As a first step in their studies, Dr. Garland and colleagues used proteomic techniques to identify the proteins present in the basal deposits of the Efemp1R345W/R345W mice. Like they do in people, these deposits form between the retinal pigment epithelial cells and their basement membrane, which is called Bruch's membrane and is composed of extracellular matrix. These studies showed that the basal deposits are composed of normal extracellular matrix components that are present in abnormal amounts. This is logical because the EFEMP1 protein is secreted by retinal cells and is thought to be required for maturation of elastin fibers, which are part of Bruch's membrane.

The proteomic analyses also suggest that the altered extracellular matrix stimulates a local immune response, including activation of the complement system. The complement system is part of our innate immune system, and helps fend off infections, but under certain circumstances can also lead to cell and tissue damage.
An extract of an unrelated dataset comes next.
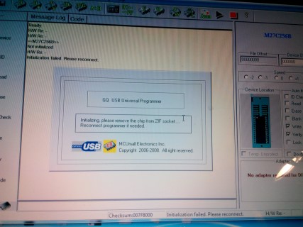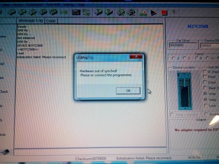 I have a Willem programmer GQ-3X since august 2010 and worked good until yesterday. I read eprom M27C256B, i've removed the IC from the socket and the USB. After a while i wanted to read another eprom and the software remained freeze, i've removed the usb and tried again, the same thing. After a few minutes USBPrg returned the error "Hardware out of sync! Please re-connect the programmer.". I did that and still the same problem.

The Mass. Eye and Ear team applied the power of mouse genetics to study the role of complement in basal deposit formation, and generated Efemp1R345W/R345W:C3-/- double mutant mice, which have the disease-causing mutation in Efemp1 and also lack the key complement component C3. Without C3, the complement system cannot be activated. In contrast to their single mutant Efemp1-R345W cousins, the double mutant Efemp1R345W/R345W:C3-/- mice did not develop basal deposits, demonstrating that the complement system is required for formation of basal deposits.